Note that I run it in spark notebook. The same application runs successfully on the remote standalone cluster when i submit it via terminal using spark-submit
Am I missing something in the configuration of notebook? Any other possible causes?
The code is very simple.
Detailed exception:
Exception in thread "main" akka.actor.ActorNotFound: Actor not found for: ActorSelection[Actor[akka.tcp://sparkDriver#localhost:54561/]/user/CoarseGrainedScheduler]
at akka.actor.ActorSelection$$anonfun$resolveOne$1.apply(ActorSelection.scala:66)
at akka.actor.ActorSelection$$anonfun$resolveOne$1.apply(ActorSelection.scala:64)
at scala.concurrent.impl.CallbackRunnable.run(Promise.scala:32)
at akka.dispatch.BatchingExecutor$Batch$$anonfun$run$1.processBatch$1(BatchingExecutor.scala:67)

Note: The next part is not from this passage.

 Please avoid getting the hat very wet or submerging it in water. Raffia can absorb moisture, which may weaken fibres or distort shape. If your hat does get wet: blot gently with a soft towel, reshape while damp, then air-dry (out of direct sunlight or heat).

at akka.dispatch.BatchingExecutor$Batch$$anonfun$run$1.apply$mcV$sp(BatchingExecutor.scala:82)
at akka.dispatch.BatchingExecutor$Batch$$anonfun$run$1.apply(BatchingExecutor.scala:59)

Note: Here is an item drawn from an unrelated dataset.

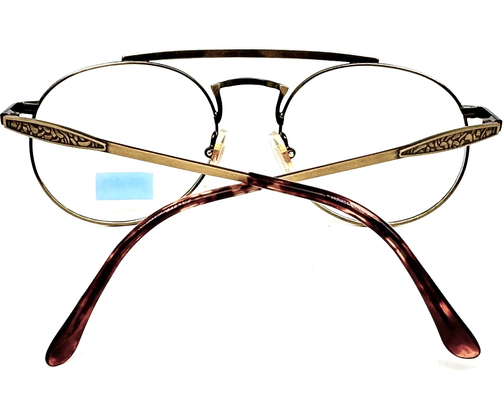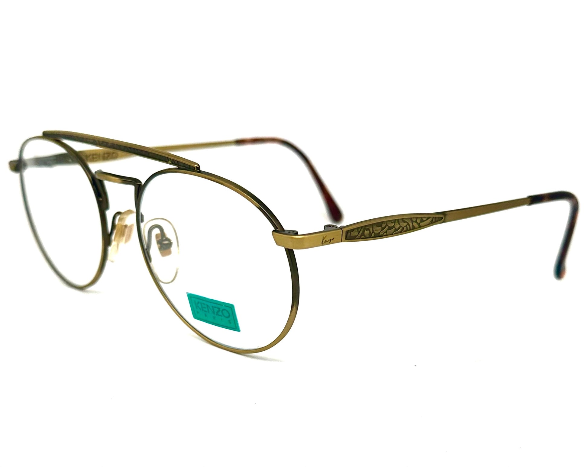 Kenzo 029 round dbl bridge aviator glasses frames w- carved deco details, NOS 80s France

at akka.dispatch.BatchingExecutor$Batch$$anonfun$run$1.apply(BatchingExecutor.scala:59)
at scala.concurrent.BlockContext$.withBlockContext(BlockContext.scala:72)
at akka.dispatch.BatchingExecutor$Batch.run(BatchingExecutor.scala:58)
at akka.dispatch.ExecutionContexts$sameThreadExecutionContext$.unbatchedExecute(Future.scala:74)
at akka.dispatch.BatchingExecutor$class.execute(BatchingExecutor.scala:110)
at akka.dispatch.ExecutionContexts$sameThreadExecutionContext$.execute(Future.scala:73)
at scala.concurrent.impl.CallbackRunnable.executeWithValue(Promise.scala:40)
at scala.concurrent.impl.Promise$DefaultPromise.tryComplete(Promise.scala:248)
at akka.pattern.PromiseActorRef.$bang(AskSupport.scala:269)
at akka.actor.EmptyLocalActorRef.specialHandle(ActorRef.scala:512)
at akka.actor.DeadLetterActorRef.specialHandle(ActorRef.scala:545)
at akka.actor.DeadLetterActorRef.$bang(ActorRef.scala:535)
at akka.remote.RemoteActorRefProvider$RemoteDeadLetterActorRef.$bang(RemoteActorRefProvider.scala:91)
at akka.actor.ActorRef.tell(ActorRef.scala:125)
at akka.dispatch.Mailboxes$$anon$1$$anon$2.enqueue(Mailboxes.scala:44)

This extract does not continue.